Ese cuadro parece aquejar a la protagonista, que tiene tantos universos paralelos (los ahora tan mentados “multiversos”) en su cabeza que no puede escuchar a su marido, que le está pidiendo el divorcio; a su hija, que le exige blanquear frente a la familia su elección sexual; o a la temible funcionaria de la agencia impositiva que le informa que sus cuentas están al rojo vivo. Está bien, hay que reconocer que se trata de una comedia —una de las dos o tres que han logrado ganar el Oscar a la mejor película en casi un siglo— pero aun así parece un exceso de inquietud extrema. La misma, por otra parte, que exhibieron los Daniels cada vez que les toco subir al escenario del Dolby Theatre.

Pero no un exceso de producción. Todo en todas partes al mismo tiempo fue realizada por la compañía A24 —una nueva estrella en el firmamento de Hollywood— por un cuarto del presupuesto que necesitaron Top Gun: Maverick o Avatar: el camino del agua, que también competían en el rubro Mejor Película y apenas consiguieron una estatuilla en sonido y efectos especiales, respectivamente.

No parece una casualidad que Tom Cruise y James Cameron, dos nombres de mucho peso en la industria, hayan pegado el faltazo a la ceremonia.

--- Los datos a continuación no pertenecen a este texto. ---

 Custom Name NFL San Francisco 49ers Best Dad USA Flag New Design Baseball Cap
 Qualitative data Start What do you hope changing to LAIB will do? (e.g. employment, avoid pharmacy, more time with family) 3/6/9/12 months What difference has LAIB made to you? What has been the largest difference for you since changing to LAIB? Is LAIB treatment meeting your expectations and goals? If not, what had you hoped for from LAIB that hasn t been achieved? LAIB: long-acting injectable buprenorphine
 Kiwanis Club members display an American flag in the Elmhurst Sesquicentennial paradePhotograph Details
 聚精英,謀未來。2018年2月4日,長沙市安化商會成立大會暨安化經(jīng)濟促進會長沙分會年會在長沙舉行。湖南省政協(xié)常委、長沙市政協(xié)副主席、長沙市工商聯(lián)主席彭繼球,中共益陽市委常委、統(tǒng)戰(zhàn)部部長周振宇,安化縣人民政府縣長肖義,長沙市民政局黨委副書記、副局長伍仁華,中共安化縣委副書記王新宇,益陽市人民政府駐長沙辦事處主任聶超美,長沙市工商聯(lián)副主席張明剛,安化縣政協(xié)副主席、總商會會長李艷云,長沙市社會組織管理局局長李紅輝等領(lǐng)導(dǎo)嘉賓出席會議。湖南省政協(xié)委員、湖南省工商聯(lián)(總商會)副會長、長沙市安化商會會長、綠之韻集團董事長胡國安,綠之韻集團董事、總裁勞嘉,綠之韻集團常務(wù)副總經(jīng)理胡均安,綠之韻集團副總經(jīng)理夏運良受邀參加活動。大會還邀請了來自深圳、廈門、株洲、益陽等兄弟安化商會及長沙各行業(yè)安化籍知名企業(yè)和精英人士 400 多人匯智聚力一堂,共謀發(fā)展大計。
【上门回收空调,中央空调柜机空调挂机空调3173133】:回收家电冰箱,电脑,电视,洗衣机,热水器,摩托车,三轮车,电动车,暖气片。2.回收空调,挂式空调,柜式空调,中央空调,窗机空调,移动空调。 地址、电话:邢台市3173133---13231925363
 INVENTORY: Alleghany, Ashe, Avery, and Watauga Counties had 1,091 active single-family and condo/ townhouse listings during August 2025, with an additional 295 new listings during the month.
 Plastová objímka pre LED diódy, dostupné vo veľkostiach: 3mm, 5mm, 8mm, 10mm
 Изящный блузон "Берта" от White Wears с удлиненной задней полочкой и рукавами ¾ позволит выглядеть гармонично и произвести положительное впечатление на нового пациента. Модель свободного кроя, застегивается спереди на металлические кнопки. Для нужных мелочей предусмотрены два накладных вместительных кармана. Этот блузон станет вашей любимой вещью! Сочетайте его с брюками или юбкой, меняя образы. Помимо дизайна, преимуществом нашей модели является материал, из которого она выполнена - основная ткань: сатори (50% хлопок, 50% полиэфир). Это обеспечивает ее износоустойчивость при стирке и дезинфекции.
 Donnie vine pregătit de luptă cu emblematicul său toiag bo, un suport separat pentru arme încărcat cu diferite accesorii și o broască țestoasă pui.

Las encuestas de boca de urna no les asignaban chances a sus respectivas películas y debieron considerar (autoestima no les falta) que el previsible triunfo de Todo en todas partes… era una afrenta a su concepción del cine, que hunde sus raíces en el viejo Hollywood.

Más humilde y experimentado, Steven Spielberg, en cambio, se sentó allí donde lo ubicaron, en una de las primeras filas de la platea, para asistir resignadamente al ninguneo olímpico a Los Fabelman, su película más personal, que tenía siete candidaturas y no recibió ni un solo premio. Es difícil evaluar bajo qué parámetros eligen los casi 10.000 miembros que actualmente integran la Academia de Hollywood, pero el mensaje de la noche del domingo fue claro: los grandes nombres de siempre ya no tienen en la consideración de los votantes el peso que antes tenían.

Ahora se busca y se premia la novedad (los “multiversos”), la diversidad (este año fue el de la reivindicación de los “Asian Americans” como antes habían sido los afroamericanos y el año pasado los hipoacúsicos) y también los presupuestos más acotados, aquellos que permitan en tiempos de crisis económica una recuperación rápida y segura de la inversión. No por nada el animador Jimmy Kimmel se burló más de una vez de los 100 millones de dólares que costó Babylon, uno de los grandes fracasos de la temporada 2022. Ahora sólo cabe esperar con qué nuevo “multiverso” nos va a chamuyar la Academia de Hollywood el año próximo.